Quote, word for word, only the lines running from the line with "こちらの「お菓子の抜きかた」にこむぎねんどを詰めて、取り外すのみ。" through the end of the listing. Leave out the pictures.

**Available data:**

▬▬▬▬▬▬

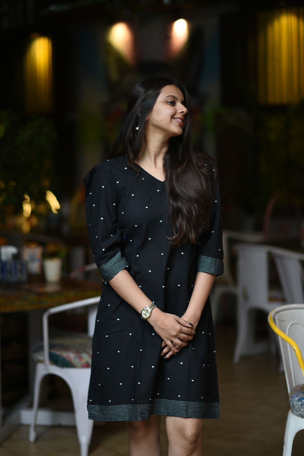 Elevate your everyday style with this classic black handloom dress. Crafted from soft, breathable handloom fabric, it offers effortless comfort and a naturally elegant drape. Minimalist yet sophisticated, it’s perfect for casual outings, workdays, or intimate gatherings, making it a versatile staple in any wardrobe.
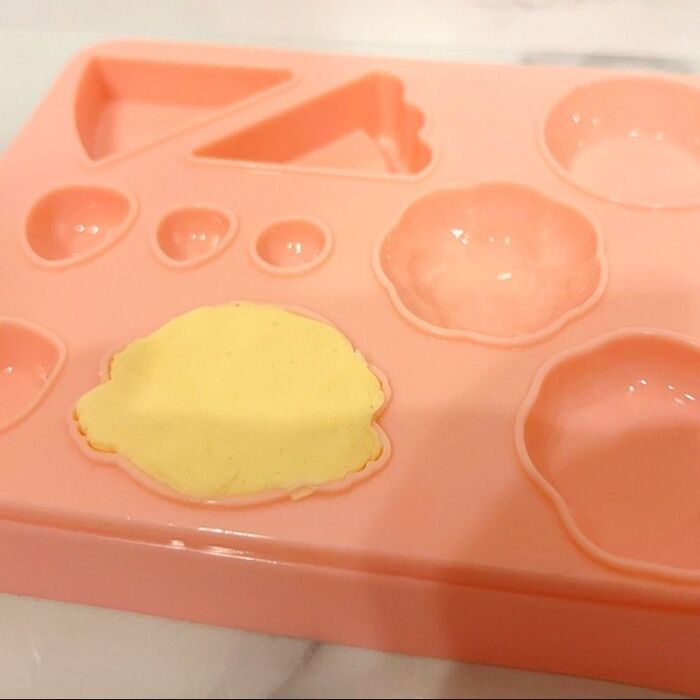こちらの「お菓子の抜きかた」にこむぎねんどを詰めて、取り外すのみ。
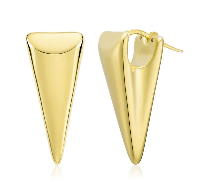 Reach new heights of style with our Peak Hoop Earrings. These long, pointy hoops extend to a peak, creating a unique and captivating look. With a slightly puffy shape and a high-polish finish, they add a touch of modern flair to any ensemble.
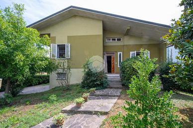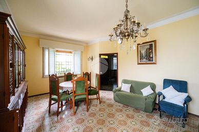 Al piano rialzato troviamo un luminoso soggiorno, una cucina separata e abitabile con uscita sul terrazzo e sul portico d'ingresso. Tre gradini conducono alla zona notte, composta da due camere matrimoniali, una cameretta e un bagno finestrato con vasca e doccia.
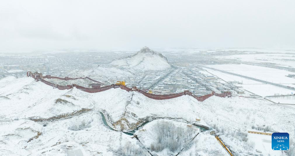 This aerial photo taken on March 13, 2026 shows the snow scenery of ancient white castles on Mt. Dzongri in Gyantse, Xigaze City, southwest China's Xizang Autonomous Region. (Xinhua/Jigme Dorje)
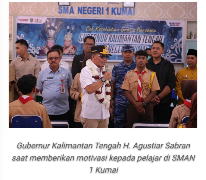 Gubernur Kalimantan Tengah H. Agustiar Sabran, melakukan kunjungan kerja ke Sekolah Menengah Atas Negeri (SMAN) 1 Kumai Kabupaten Kotawaringin Barat, Kamis (2/10/2025).
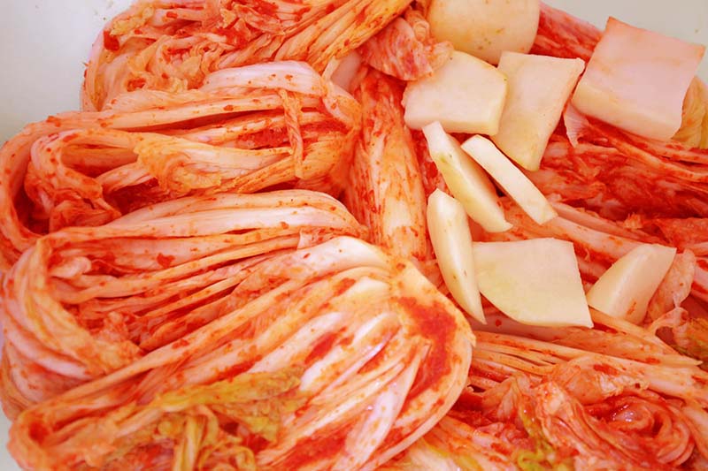 朝鮮民族の伝統の食べ物であるキムチは、白菜と大根、キュウリなどの野菜と山菜に唐辛子とねぎ、にんにく、しょうがなどの薬味と果物、魚、塩辛などを混ぜて乳酸発酵させた野菜の加工品です。

▬▬▬▬▬▬

**The completed task:**
こちらの「お菓子の抜きかた」にこむぎねんどを詰めて、取り外すのみ。
 Reach new heights of style with our Peak Hoop Earrings. These long, pointy hoops extend to a peak, creating a unique and captivating look. With a slightly puffy shape and a high-polish finish, they add a touch of modern flair to any ensemble.
 Al piano rialzato troviamo un luminoso soggiorno, una cucina separata e abitabile con uscita sul terrazzo e sul portico d'ingresso. Tre gradini conducono alla zona notte, composta da due camere matrimoniali, una cameretta e un bagno finestrato con vasca e doccia.
 This aerial photo taken on March 13, 2026 shows the snow scenery of ancient white castles on Mt. Dzongri in Gyantse, Xigaze City, southwest China's Xizang Autonomous Region. (Xinhua/Jigme Dorje)
 Gubernur Kalimantan Tengah H. Agustiar Sabran, melakukan kunjungan kerja ke Sekolah Menengah Atas Negeri (SMAN) 1 Kumai Kabupaten Kotawaringin Barat, Kamis (2/10/2025).
 朝鮮民族の伝統の食べ物であるキムチは、白菜と大根、キュウリなどの野菜と山菜に唐辛子とねぎ、にんにく、しょうがなどの薬味と果物、魚、塩辛などを混ぜて乳酸発酵させた野菜の加工品です。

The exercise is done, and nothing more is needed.